The effects of that the water-holding capacity estimate
has on soil-water budget can be seen in Figures 4.9 and 4.10.
Figure 4.9 shows the mean annual soil moisture [mm] and Figure
4.10 shows the mean annual soil moisture divided by the water
holding capacity. The differences in Figure 4.9 and 4.10 occur
where the soil water-holding capacity has a limiting effect on
evaporation relative to surrounding cells.
The rudimentary soil-water balance approach used
in this study provides a qualitative sense of how precipitation
is partitioned between runoff, evaporation, and soil moisture
storage. The surplus and soil moisture values computed with this
model are interpreted better as indexes of relative wetness rather
than absolute estimates because none are calibrated against measured
values. Use of a monthly time step, a simplified representation
of soil and plant hydrology, the ambiguity in applying the potential
evapotranspiration concept to dry areas, and the errors in estimating
potential evapotranspiration are major limitations of this model.
The model time step cannot account for storm runoff, an important
mechanism for runoff generation. The soil-water balance model
is an incomplete hydrology model because it is very difficult
to calibrate against observed values. Coupling a soil-water balance
model with measured runoff is the only realistic way to derive
accurate runoff estimates.
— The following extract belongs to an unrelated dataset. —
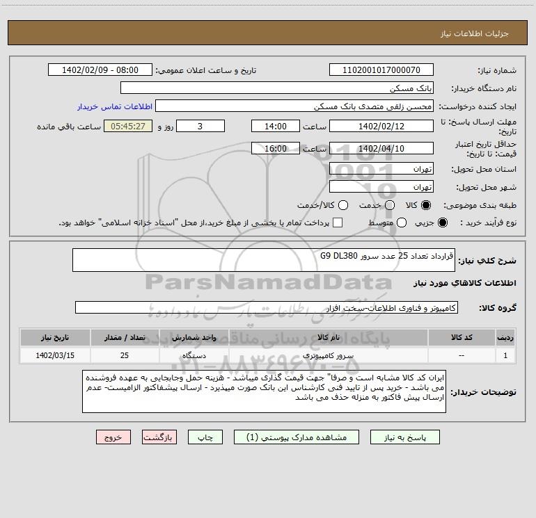 شرح کلی نیاز: قرارداد تعداد 25 عدد سرور G9 DL380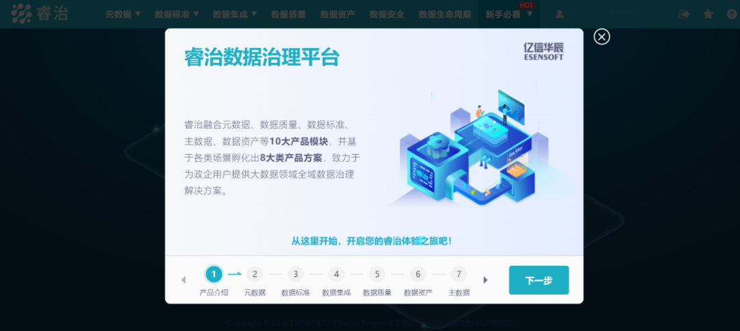 登录睿治云体验后,系统自动弹出新手引导弹窗,分别介绍数据治理各模块,还专门配套相应的学习视频,帮助快速分析学习睿治数据治理各模块功能,学习更高效。

A simplified coupling of the soil-water
balance model to a surface runoff model was achieved in a recent
study to develop a GIS-based water planning tool for the Niger
River Basin in West Africa (Maidment et al., 1996; http:
// www.ce.utexas.edu / prof / maidment / GISHydro / africa / africa.htm).
This model was calibrated for monthly flows but not validated.
A more detailed approach to this type of study could be taken
by implementing a continuous stream flow simulation model with
daily time stepping (or less); however, implementing this type
of model on a region the size of Texas is a formidable task.